• _About this exercise_:
In the copy, include exactly the lines from the one with "ย ย ย Read moreWe" through the end of the data and no others, both ends kept, with every picture left out.

[Extracted records]
--- START ---
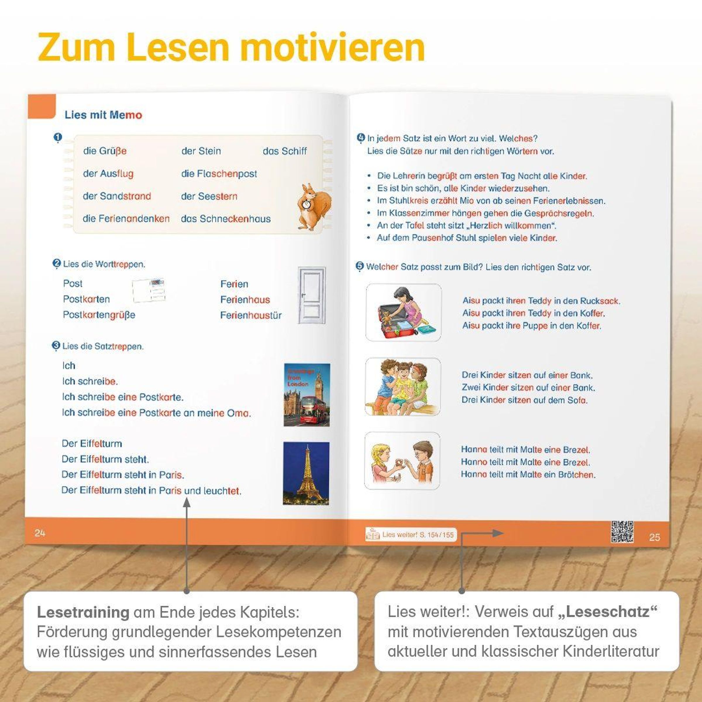 Eine größere Schrift, ein vereinfachter Wortschatz sowie ein reduzierter Textumfang bieten vor allem Kindern mit erhöhtem Übungsbedarf Unterstützung und Motivation beim Lesen. Lesegeübte Kinder kommen dabei nicht zu kurz: Eine kleinere Schrift und längere Textpassagen mit größerem Wortschatz motivieren zum flüssigen und genauen Lesen. Kompetenzorientierte Aufgaben direkt unterhalb der Lesetexte sichern das Leseverständnis. Darüber hinaus hält der themenorientierte "Leseschatz" mit Auszügen aus aktueller und klassischer Kinderliteratur ergänzendes (Vor-)Lesefutter bereit.
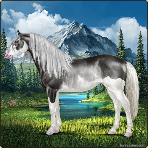 Name: 🍀Zsplsbrb Doom PEEAge: 6 Stallion Color: Silver Smokey Black Splash White Sabino Rabicano Breed: Irish Sport Horse Foal Rating: P/E/E For Breeding! |  |
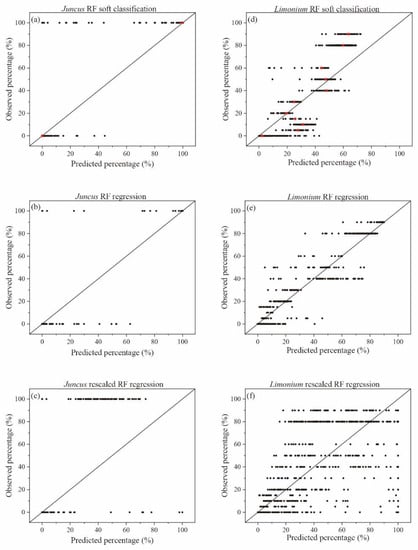 Validation results for Juncus and Limonium: (a,d) are predicted probabilities (x-axis) plotted against the validation data; (b,e) are regression results (x-axis) plotted against the validation data; (c,f) are rescaled regression results (x-axis) plotted against the validation data. Red dots represent the mean of the predicted percentage using the RF soft classification.
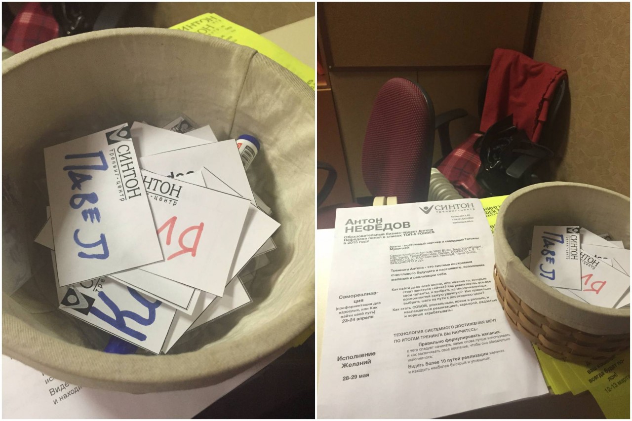 На стенах полуподвального офиса — фотографии уверенных в себе коучей. Симпатичная девушка выдает мне табличку с именем, просит надеть бахилы и пройти в соседнюю комнату, где уже начался базовый тренинг по мастерству коммуникации. На сайте написано, что это один из самых известных тренингов в России, о котором люди говорят: «Это перевернуло мою жизнь». Захожу в комнату, и меня приветствуют аплодисментами 15 человек, жизнь которых через два дня должна перевернуться.
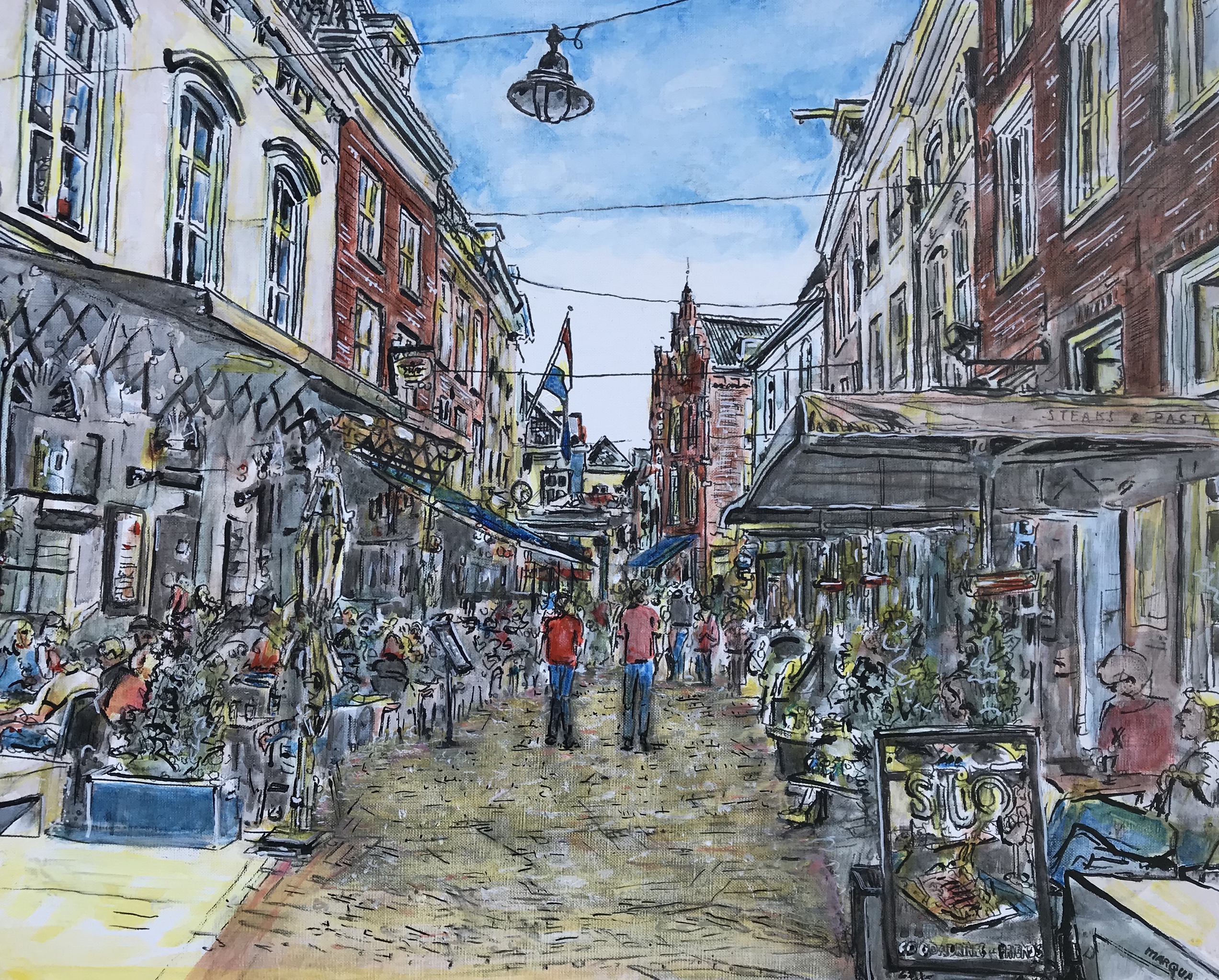 Realistisch Doek Restaurant Inkt Linnen Veulen Stad Stadsgezicht Terras Voetgangers Café Tante Rietpen Bourgondisch Denbosch Christoffel Shertogenbosch Uilenburg Korenbrugstraat Reinders Cafereinders Cafemntante Cafehetveulen
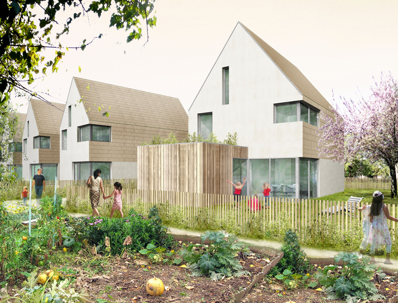 Le plan masse retenu par les architectes, favorisant les orientations nord-sud des logements, permet également de maintenir des percées visuelles vers le coeur d’îlot, aménagé en jardins potagers individuels et un jardin partagé commun, et de maintenir un lien visuel à avec la forêt voisine de l’opération. Pour favoriser une appropriation des espaces extérieurs et le vivre ensemble au sein de la copropriété, l’autogestion d’un jardin participatif par les copropriétaires est proposée. Ainsi, ce projet renouvèle des principes vieux d’un siècle dans le domaine du jardins comme dans celui de l’habitat.
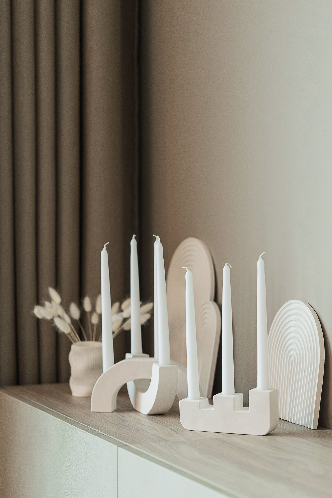 Hergestellt aus hochwertigem Gips, ist jeder Kerzenständer sorgfältig geformt und bis zur Perfektion verarbeitet, wobei seine natürliche Textur zur Geltung kommt. Seine robuste Konstruktion sorgt für Stabilität, während das zeitlose Design eine Vielzahl von Einrichtungsstilen ergänzt.
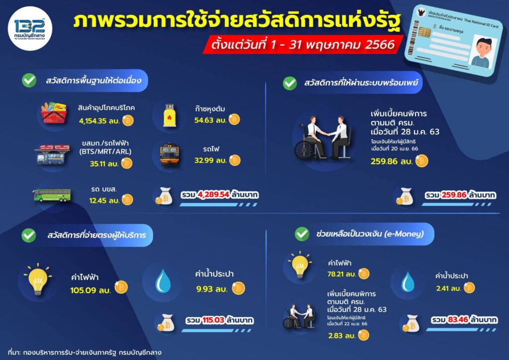 สำหรับเดือนพฤษภาคม 2566 กรมบัญชีกลางขอรายงานผลการจ่ายเงินสวัสดิการแห่งรัฐ ข้อมูลตั้งแต่วันที่ 1- 31 พฤษภาคม 2566 ดังนี้
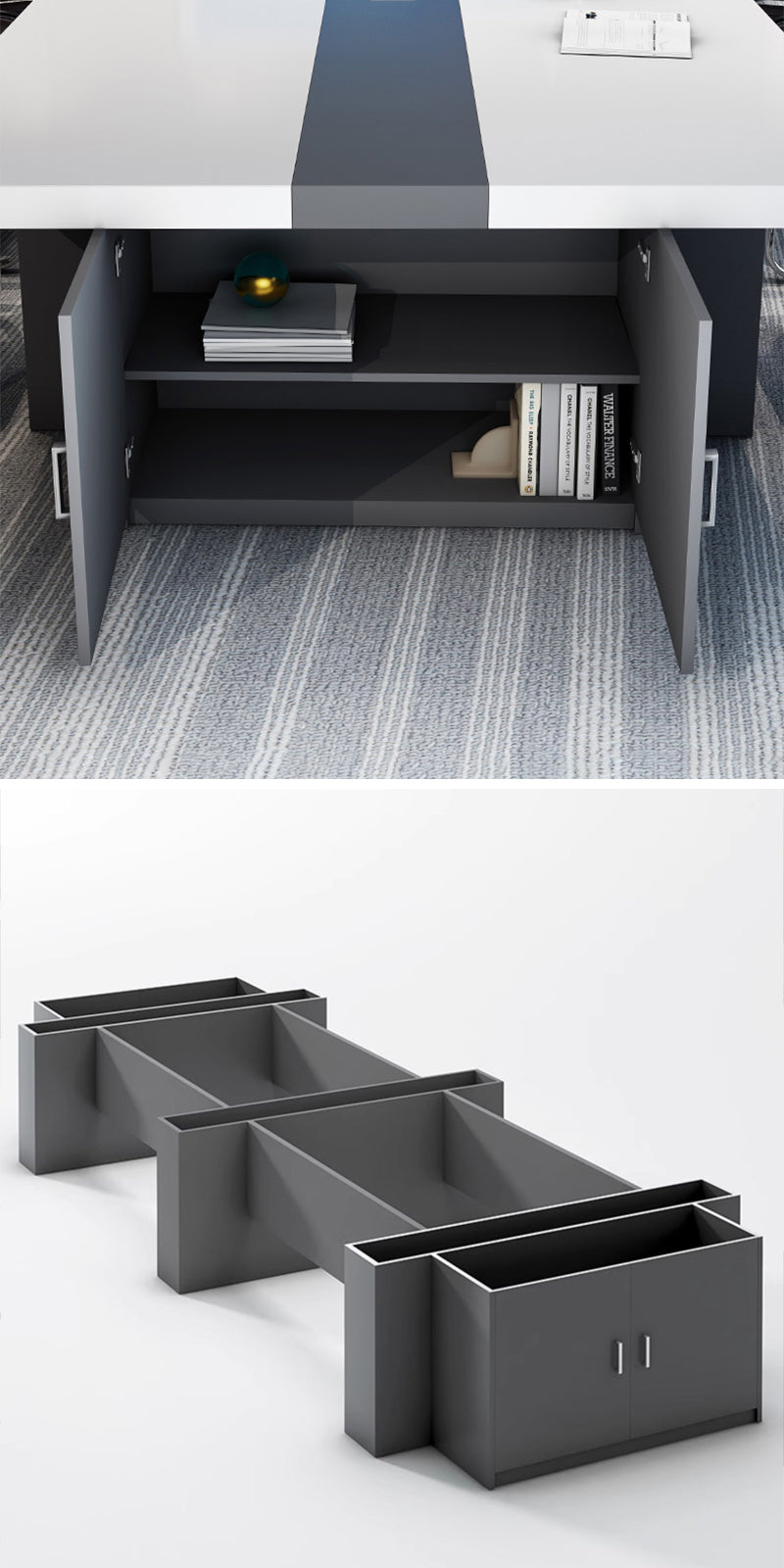 また、テーブルの側面には物置スペースが設けられており、事務資料や必要なアイテムを整理でき、会議室を整然とした状態に保ち、スッキリとした雰囲気を作り出します。
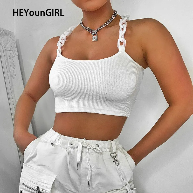 HEYounGIRL Повседневный Harajuku Топ без рукавов с цепочками, Женский Белый Модный укороченный топ с открытой спиной, мини-жилет в стиле панк, уличная одежда 2020
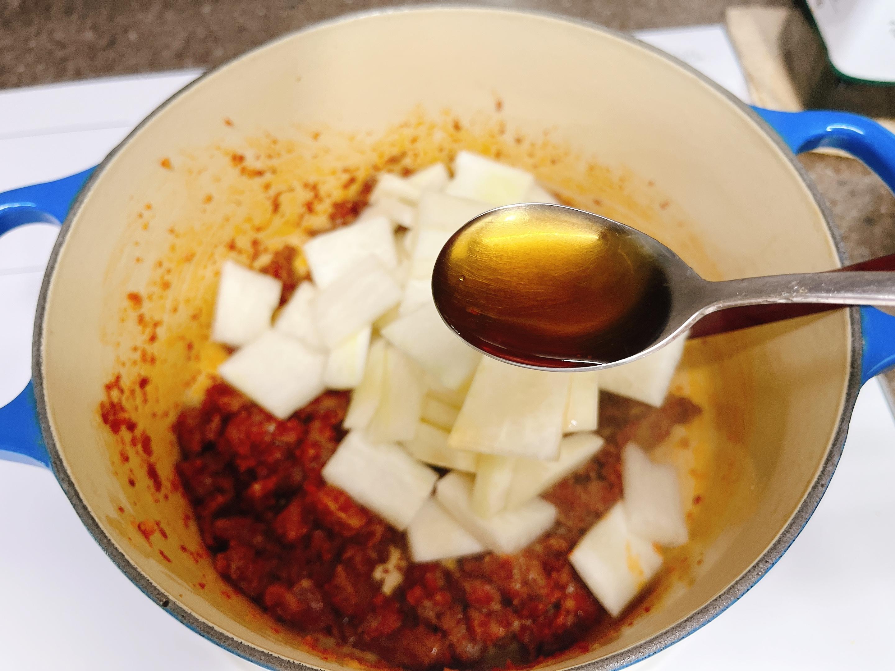 무를 넣어 볶는데 참치액 2~3스푼도 추가해서
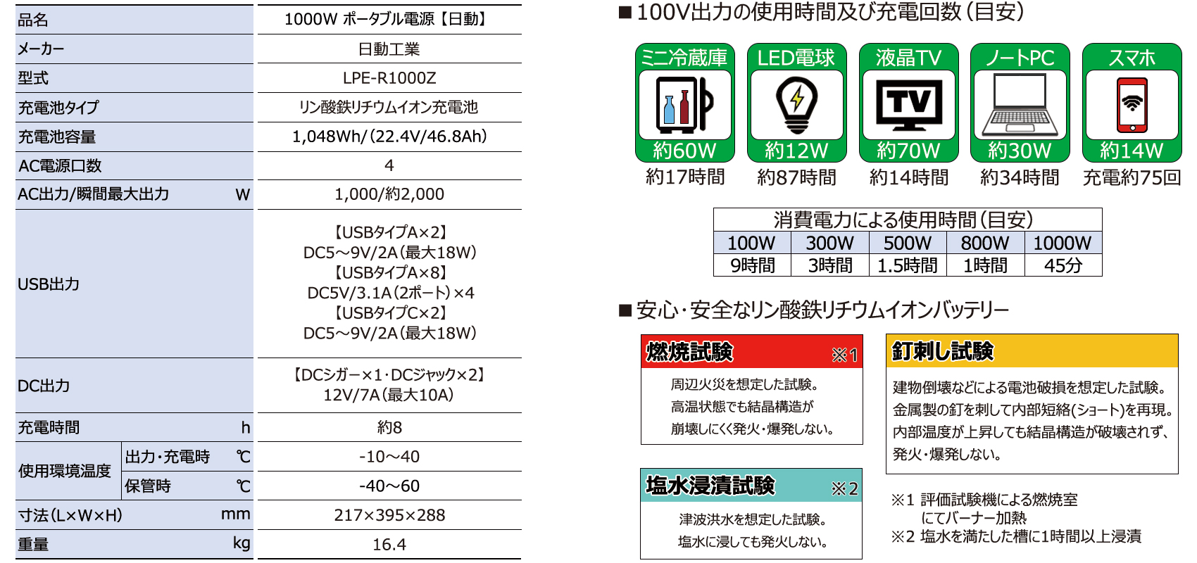 各種保護機能付(過負荷・短絡・過充電・過放電・温度)。
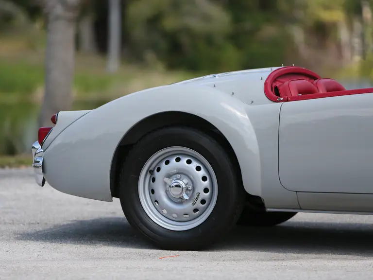 The MGA was still an imperial pint-size car that came in under a ton unladen, but even its 68-horsepower launch engine left it feeling a little winded. In 1958, MG added a dual-overhead camshaft version of its B-series engine, which boosted that figure to a far more satisfactory 108 horsepower. Dunlop four-wheel disc brakes reined in the power and the knock-off Dunlop steel wheels gave the MGA Twin-Cam a fresh, up-to-date look. Just over 2,000 MGA Twin-Cam roadsters were built between in 1958 and 1960, making them rare early high-performance British roadsters.
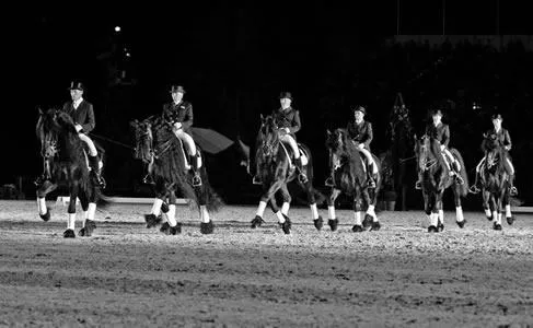Riding Friesian Connection’s Mintse 384 in the famous ten-horse dressage freestyle, Brad delivered a nearly flawless performance under the lights, accompanied by a full orchestra and in front of a near sell-out crowd.
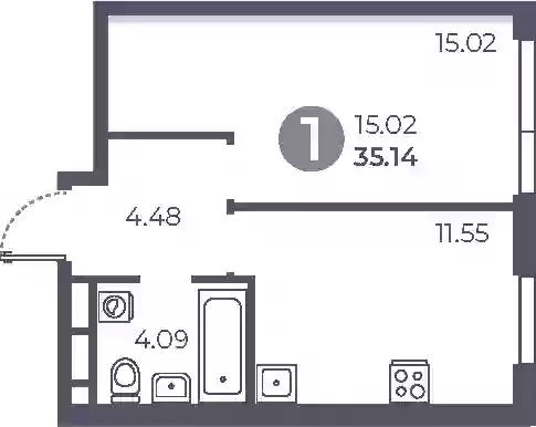 18 617 235 ₽1-к.квартира, 34.6 м², 33 эт.
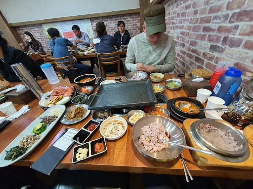 ย ย ย Read moreWe had the smoked duck, it came with many side dishes, bean paste soup and hot stone bowl rice. Everything was good. The service was fine, this place is really busy because its located right on the...
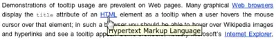 Demonstrations of tooltip usage are prevalent on web pages. Many graphical web browsers display the title attribute of an HTML element as a tooltip when a user hovers the pointer over that element; in such a browser, when hovering over Wikipedia images and hyperlinks a tooltip will appear.
--- END ---
• _Result of the task_:
 ย ย ย Read moreWe had the smoked duck, it came with many side dishes, bean paste soup and hot stone bowl rice. Everything was good. The service was fine, this place is really busy because its located right on the...
 Demonstrations of tooltip usage are prevalent on web pages. Many graphical web browsers display the title attribute of an HTML element as a tooltip when a user hovers the pointer over that element; in such a browser, when hovering over Wikipedia images and hyperlinks a tooltip will appear.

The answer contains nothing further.